- [Recorded data]:
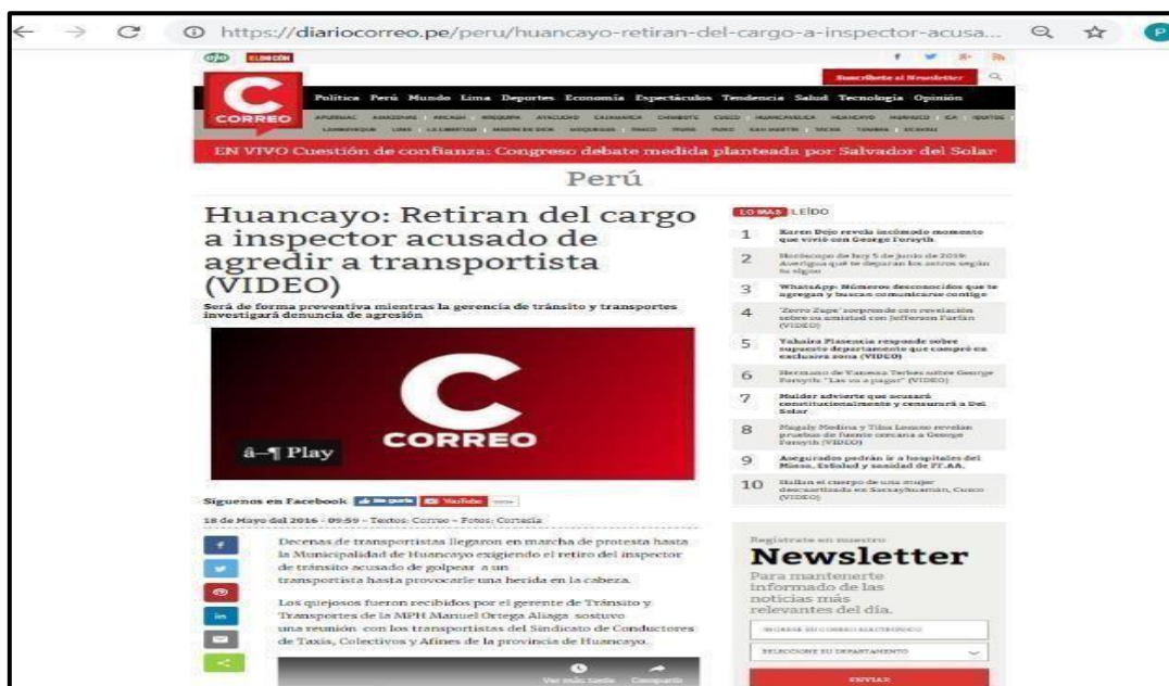
Figura 1. Noticia sobre inspector agresor

Los problemas relacionados con el mal trato de estos agentes que reguardan el orden público generado que muchas veces, su comportamiento se rechazado por la población, quien se ve indignación frente a tales hechos, esta situación es producto de la falta de criterio para contratar a estos efectivos así tenemos algunas noticias con implicancia de lo señalado:
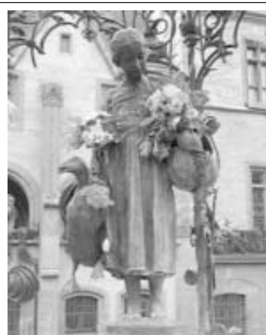
Статуята на малката гьсарка - най-целуваното момиче в света

факултета по теология, право, медицина и философия се прибавят нови девет. Днес Гьотингенският университет има 13 факултета, които предлагат повече от 130 специалности и програми, около 24 хиляди студенти и 2500 преподаватели. Съвременният облик на този академичен център е резултат от богатите традиции на международно признатото качество на обучение, тясно обвързано с водещите научни изследвания и получаваните резултати. Предизвикателствата на настоящето и бъдещето се

- [Description of the task]: Nothing but the lines from the beginning of the material above through the line containing "Статуята на малката" should appear in the answer, copied exactly and free of pictures.

- [Answer below]:
Figura 1. Noticia sobre inspector agresor

Los problemas relacionados con el mal trato de estos agentes que reguardan el orden público generado que muchas veces, su comportamiento se rechazado por la población, quien se ve indignación frente a tales hechos, esta situación es producto de la falta de criterio para contratar a estos efectivos así tenemos algunas noticias con implicancia de lo señalado:
Статуята на малката гьсарка - най-целуваното момиче в света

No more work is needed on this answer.